Irish whiskey distillery

The Watercourse Distillery was an Irish whiskey distillery which was established in Cork City, Ireland in 1795.

In 1867, the distillery was purchased by the Cork Distilleries Company (CDC), in an amalgamation of five Cork distilleries. Following the amalgamation, the distillery was mothballed for a period at the beginning of the 20th century. However, operations at the distillery were later resumed, with production of yeast, industrial alcohol and grain alcohol occurring at the distillery until the 1970s. Distillation ceased at the facility in 1975, when Irish Distillers, who at that stage owned the Watercourse along with several other distilleries in the Republic of Ireland consolidated its operations in a new, purpose-built distillery in Midleton.

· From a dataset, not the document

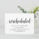 Altere o cartão de data. Este é o cartão de convite de Festa de casamento Reprogramado (adiado/adiado) (Novo plano), na fonte mínima simples e moderna design, em preto.

The name of the distillery lives on in the name given by Irish Distillers to a subsidiary which runs the Jameson Experience at the former Jameson Bow Street Distillery in Dublin and the Old Midleton Distillery in Cork.

The Watercourse Distillery was where Cork Dry Gin, the most popular brand of gin in Ireland was originally produced. In the 1960s, Cork Distilleries Company launched a whiskey, called Hewitt's, which paid homage to the Watercourse's original owners. Unusually for an Irish whiskey, Hewitt's was a peated blend. However, this was later reformulated as an unpeated blend, before being discontinued in the 2004.

== History ==
In 1792, a partnership was established by two local butter Merchants, Thomas Hewitt and John Teulon, and London distiller Richard Blunt, which resulted in the construction of the Watercourse Distillery, between 1793 and 1794 on Watercourse Road, Blackpool, Cork. The distillery and the road on which it was located were named for their proximity to the Kiln river, a tributary of the River Lee which flows through Cork City. In 1799, Hewitt, Teulon and Blunt were joined by James Morrogh, as an equal partner in the firm, each having invested.

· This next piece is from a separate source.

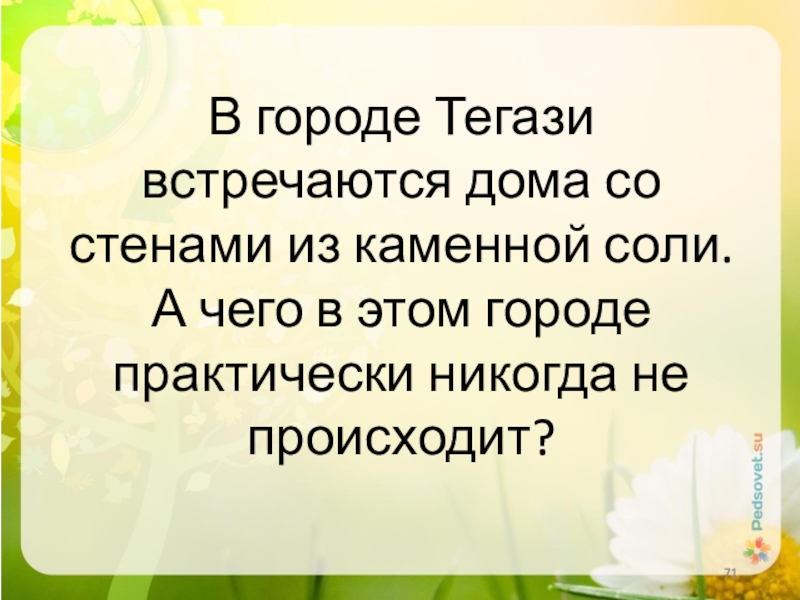 Слайд 71В городе Тегази встречаются дома со стенами из каменной соли. А

By 1834, the other partners having left, the Hewitt's were left as the sole owners of the company, which by that stage traded under the name Hewitt & Co.

In 1867, the distillery was purchased by the Cork Distilleries Company (CDC), in an amalgamation of five Cork distilleries. Due to declining whiskey sales, Cork Distilleries Company ceased distilling operations at the Watercourse in the 1880s, though the distillery continued to be used as a grain and malt store, malting facility and bonded warehouse. When Alfred Barnard, the British historian visited the distillery in the 1880s, he stated that over 6,000 barrels of casks of whiskey were maturing at the premises.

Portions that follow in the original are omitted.